“There are multiple factors responsible for the rupee’s rise — we have seen strong data, decent debt flows and a certain amount of positive sentiment getting built around the election outcome,” Brijen Puri, head of trading at JPMorgan Chase, said. Market participants believe the currency could gain further to at least 60 over the next three weeks as positive data and sentiment could lure in more dollars.
Foreign investors have poured in $4.85 billion so far in 2014 into Indian debt, more than 50% of the $8 billion they pulled out in 2013.High yields and favourable hedging costs have prompted foreign investors to keep buying Indian paper. The 91-day treasury bill yield is at 9.20% currently. With cost of hedging rupee assets in the preferred offshore market being around 6-7%, a foreign investor could get a return of more than 2% on rupee debt.

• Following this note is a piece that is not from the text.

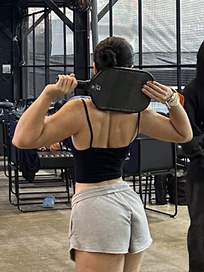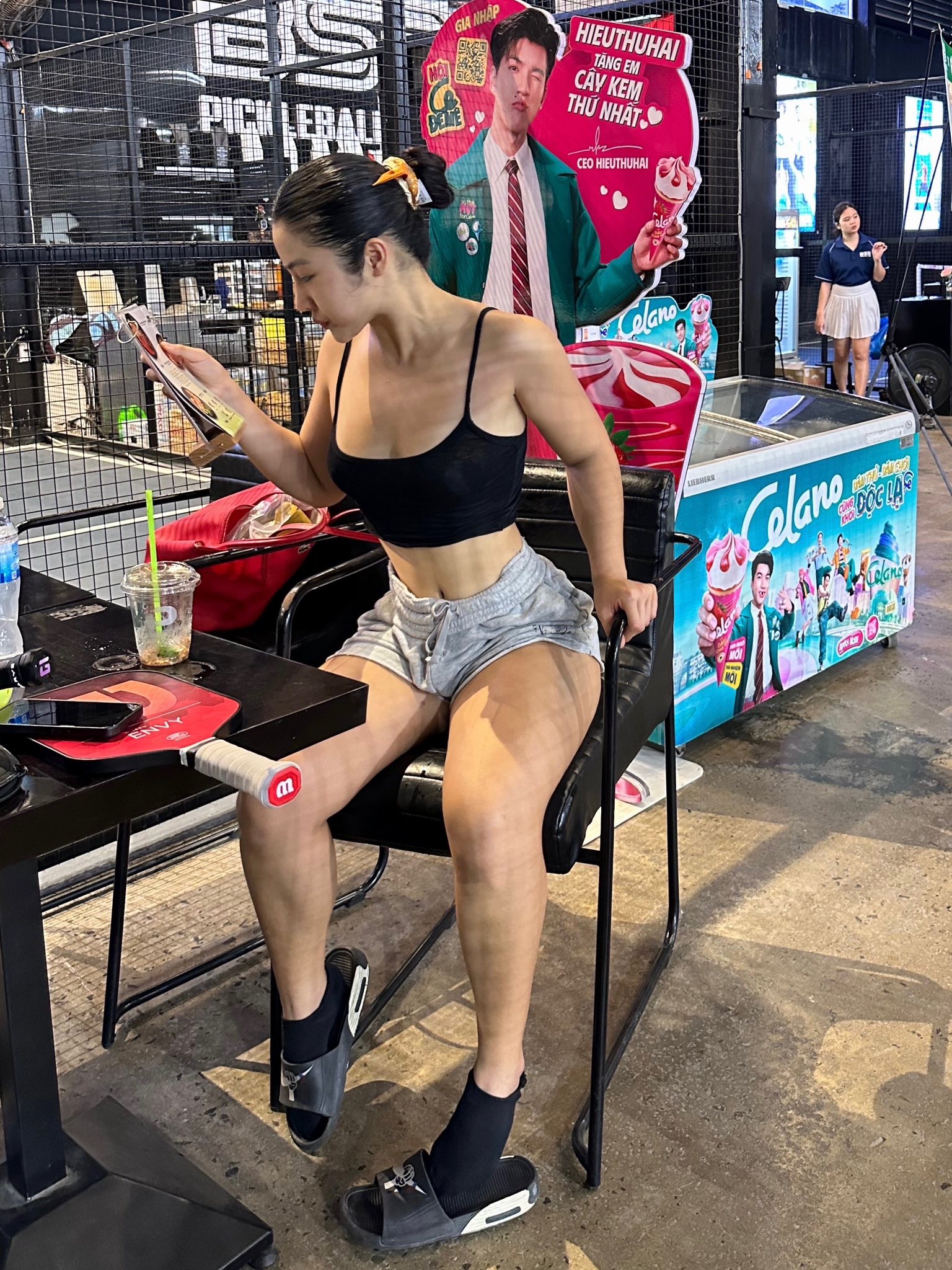 Hóa ra trước khi thưởng trà vào buổi tối, Trần Kim Hà cũng chơi khá nhiều môn thể thao từ chạy bộ, pickleball cũng như đến phòng tập gym để rèn luyện sức khỏe. Cô gái này cũng khéo khoe body khỏe mạnh, ba vòng chuẩn chỉnh và đặc biệt là chiếc áo 2 dây màu đen khá quyến rũ. Lúc này, Trần Kim Hà đang là cái tên được các fan rất quan tâm.

“I think the appreciation would not go beyond 60 in the short term,” said Ashish Parthasarthy, head of treasury at HDFC Bank. In contrast to a massive 20% fall during May-August last year to an all-time low of 68.85, the rupee has gained 12% since then.

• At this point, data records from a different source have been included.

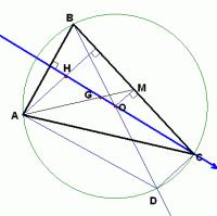 8、 三角形任一顶点到垂心的距离,等于外心到对边的距离的2倍。
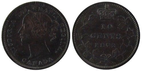 1872H 10 Cents, ICCS AU58; Key issue, nicely toned.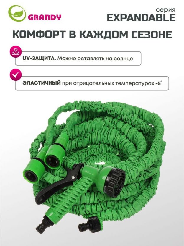 Шланг поливочный, растягивающийся, Grandy, Expandable, латекс, от 10 до 30 м, с пистолетом, BT003

The recent unrest in Ukraine also hit most currencies with the Russian rouble hitting its all-time low.
However, the rupee depreciated far less — only 0.5% — than its peers over the Ukraine jitters, reflecting the return of foreign investors' faith into Indian assets.
The currency had taken a beating during May-August 2013 when it had hit an all-time low of 68.85 after the US Federal Reserve indicated it would soon start unwinding its stimulus programme.
Data released on Wednesday showed that India's current account deficit fell to a four-year low of $4.2 billion in October-December, which is less than 1% of GDP.General elections will be conducted across the country spread over 34 days between April 7 and May 16, and exit polls predict a strong coalition led by the BJP.
Market participants believe the current momentum of dollar inflows would sustain in the run up to the elections. “However, this may soon ease off, as most of the recent flows into debt have been at the short end, wherein FII's outstanding investment is likely to hit the cap,” said Deutsche Bank in a report.
FIIs have already exhausted the investment limit in short-term treasury bills and commercial papers. Puri of JPMorgan Chase expects the flows to slowdown slightly owing to the limits being exhausted.